Contrary to what you might have expected because of the title, this is not an introduction to the marvelous UNIX hexdump tool. If that’s what you were searching for, then you better pull up the man page first, because I’m not going to spend a word it. This article is about something better…
Before going into that, first a short message to anyone who feels like XML or JSON are the only data encoding formats we will ever need:
WAKE UP!!! Only a fraction of the data on your hard disk is encoded as XML or JSON. A lot of it is binary encoded data. How would you feel about not having images, mp3, videos, PDFs and Word documents (well that would be ok, I guess)? If you really think that text-based formats are all you will ever need, then you can kiss all of that goodbye. So, with that out of the way, now read on.
Binary data is there to stay. In fact, a large part of the world evolves around binary encoded data. (The Internet for instance. TCP-IP packets are not XML documents, although there has been an RFC suggesting something like that in the past.) In fact, with the rise of NoSQL, the importance of having better ways of dealing with binary encoded data has probably only increased. (Many of these databases store arrays of bytes, and leave it up to you to reconstruct that into something useful.)
The agony!
Unfortunately, dealing with binary encoded data is not all that easy. Even understanding what is getting decoded and why can be extremely hard. On the plus side, we do have tools such as hexdump and hexl-mode (Emacs), but the output of hexdump -C will only be meaningful to a few people.
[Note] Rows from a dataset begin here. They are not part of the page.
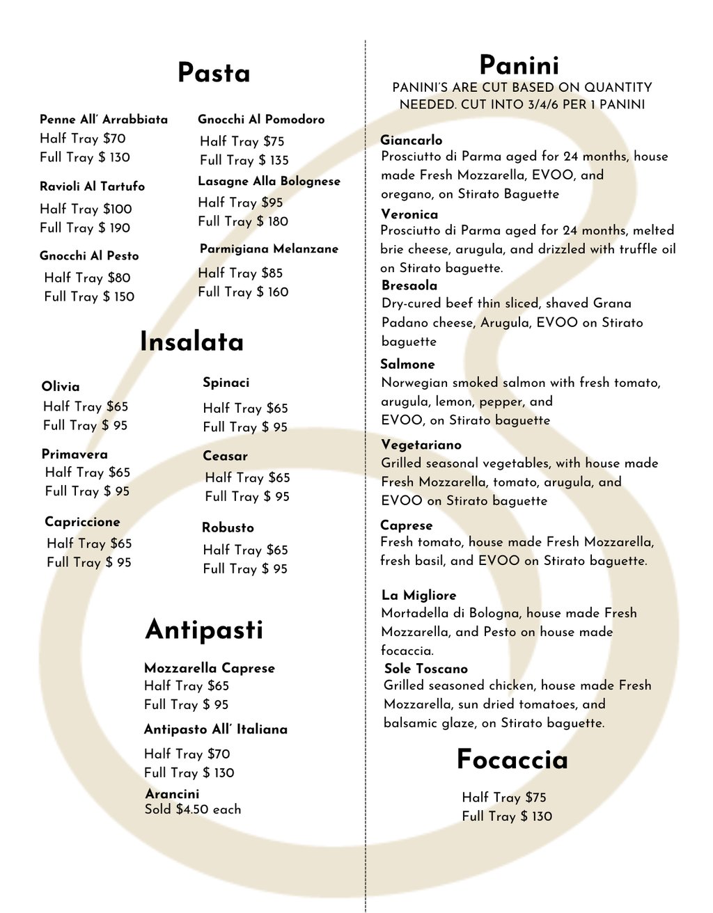 ALL CATERING ORDERS ARE TO BE PICKED UP AT OUR WAYNE LOCATION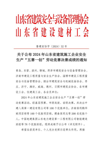 近日,由山东省建筑安全与设备管理协会和山东省建设建材工会联合主办的2024年度山东省建筑施工企业安全生产“五赛一创”劳动竞赛决赛结果揭晓。菏建集团紧扣此次竞赛主题,科学组织竞赛活动,积极落实竞赛措施,经基层预赛、市级选拔和省级决赛三个阶段,荣获“优胜单位”、“优胜班组”和“优胜个人”多项荣誉称号。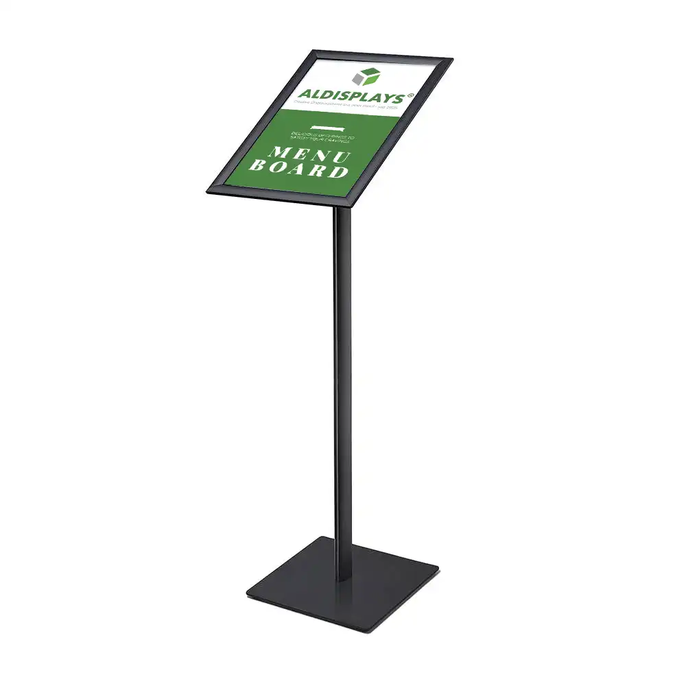 • Stilvoller Menüständer mit schwarzer Stahlplatte für professionelles Erscheinungsbild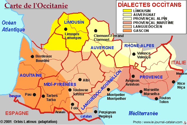 - 33 départements français répartis sur huit régions administratives (sur les 14 millions d’habitants de ces régions, environ 6 millions comprennent l’occitan sans le parler) ;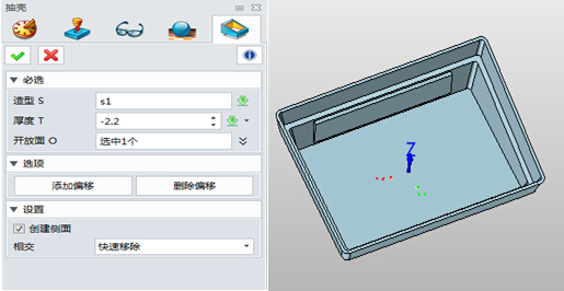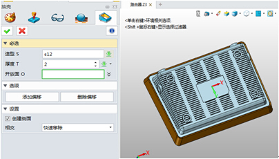 点击“造型”模块中的“抽壳”命令,选择造型输入厚度“-2.2”,开放面为“顶面”如图14所示。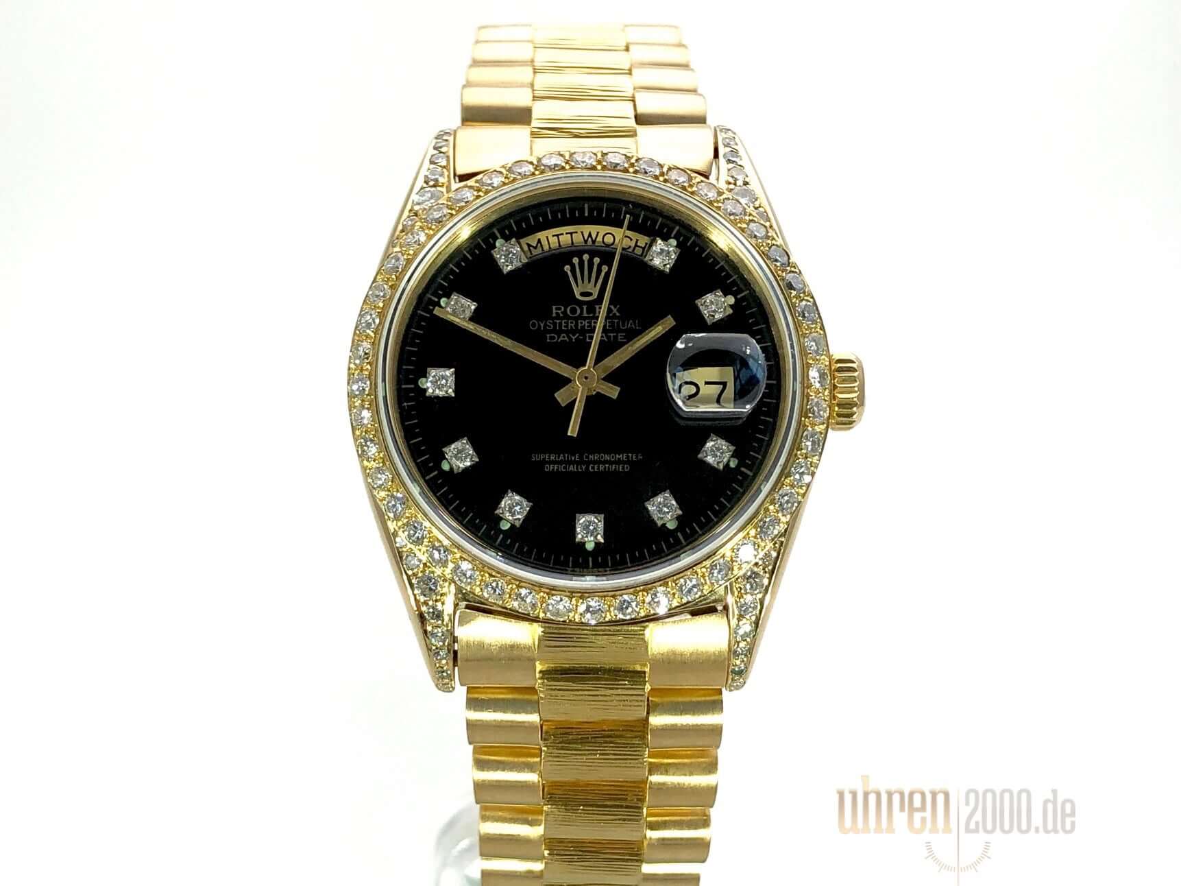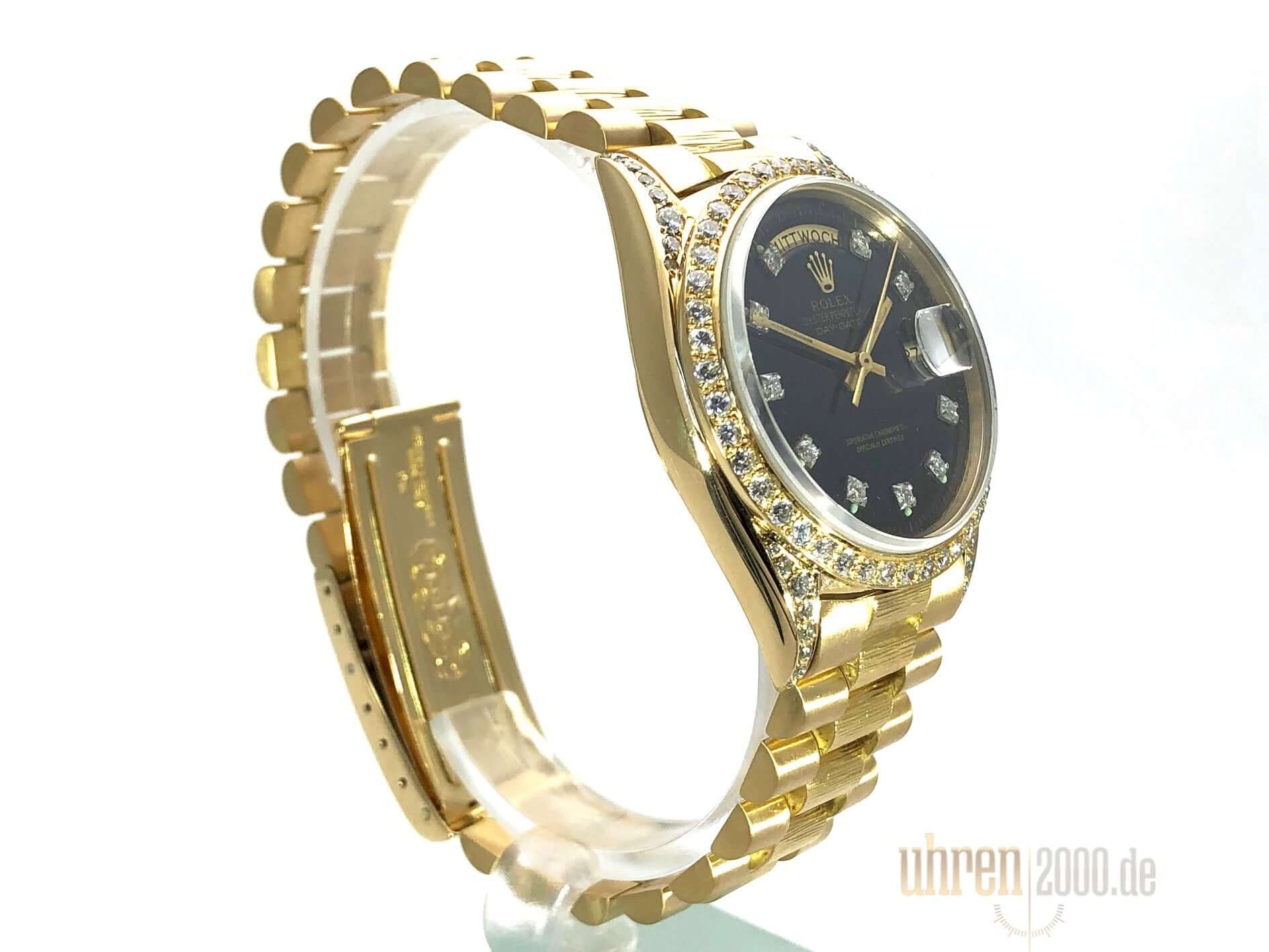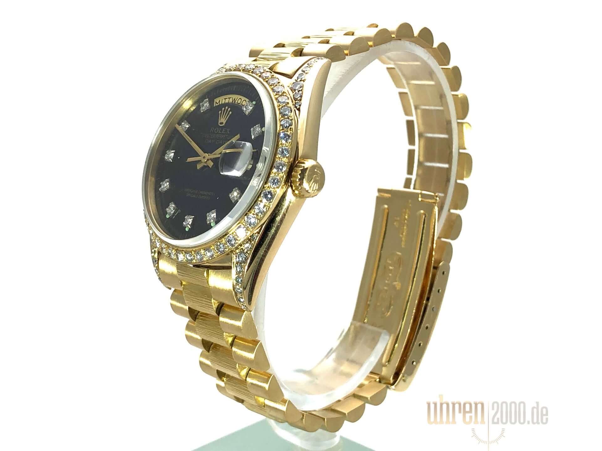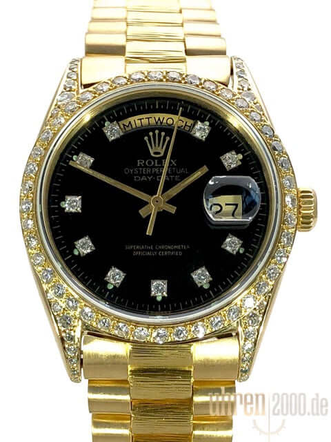 Gehäuse aus 18 kt Gelbgold poliert und satiniert, Gehäusedurchmesser 36 mm, Lünette aus 18 kt Gelbgold mit Diamanten besetzt, Präsident Armband aus 18 kt Gelbgold geriffelt mit Faltschließe, schwarzes Diamantzifferblatt, Automatikwerk, Rolex Manufakturkaliber, Datumsanzeige mit Glaslupe bei 3 Uhr, Wochentagsanzeige bei 12 Uhr, Plexiglas, verschraubbare Krone, verschraubter Boden aus 18 kt Gelbgold, Wasserdicht bis zu 10 bar.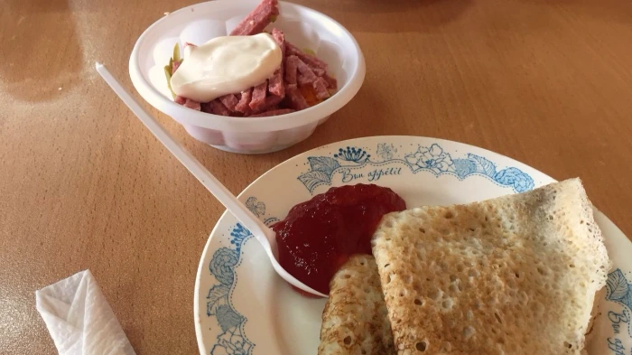 특히 이 러시아 식 팬케이크는 딸기잼을 발라먹는데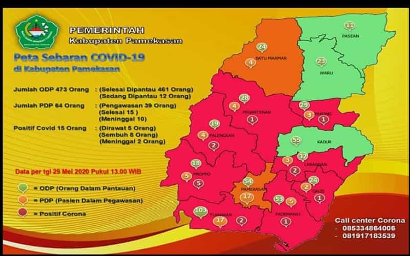 JATIMPOS.CO/PAMEKASAN - Peta Sebaran Covid-19 Kabupaten Pamekasan jam 13.00 tertanggal 29 Mei 2020, menyebutkan jumlah ODP 473 orang (selesai dipantau 461 orang, sedang dipantau 12 orang), PDP 64 orang (pengawasan 39 orang, selesai 15 orang, meninggal 10 orang), Positif Corona ada 15 orang (dirawat 5 orang, sembuh 8 orang, meninggal 2 orang).

For the rest of us, we still need to work really hard to understand what on earth is represented by the binary encoded representation.
Here is the top of a Java class file, presented with hexdump -C, as an example:
00000000 ca fe ba be 00 00 00 31 00 2b 0a 00 0a 00 1d 09 |.......1.+......| 00000010 00 09 00 1e 09 00 09 00 1f 07 00 20 0a 00 04 00 |........... ....| 00000020 1d 0a 00 04 00 21 0a 00 04 00 22 0a 00 04 00 23 |.....!...."....#| 00000030 07 00 24 07 00 25 01 00 03 66 6f 6f 01 00 12 4c |..$..%...foo...L| 00000040 6a 61 76 61 2f 6c 61 6e 67 2f 53 74 72 69 6e 67 |java/lang/String| 00000050 3b 01 00 06 4c 4f 4e 44 4f 4e 01 00 0d 43 6f 6e |;...LONDON...Con| 00000060 73 74 61 6e 74 56 61 6c 75 65 08 00 26 01 00 03 |stantValue..&...| 00000070 62 61 72 01 00 01 49 01 00 06 3c 69 6e 69 74 3e |bar...I...| 00000080 01 00 16 28 4c 6a 61 76 61 2f 6c 61 6e 67 2f 53 |...(Ljava/lang/S| 00000090 74 72 69 6e 67 3b 49 29 56 01 00 04 43 6f 64 65 |tring;I)V...Code|
As I said, it does provide some help, but not a lot of help.
But what if
But wait, if the computer knows how to decode this into something useful, why isn’t it able to provide some more insight in what I’m looking at? I mean, it’s quite a lot of work to interpret the above. Why isn’t a computer capable of annotating it, in order to help me understand what it says here?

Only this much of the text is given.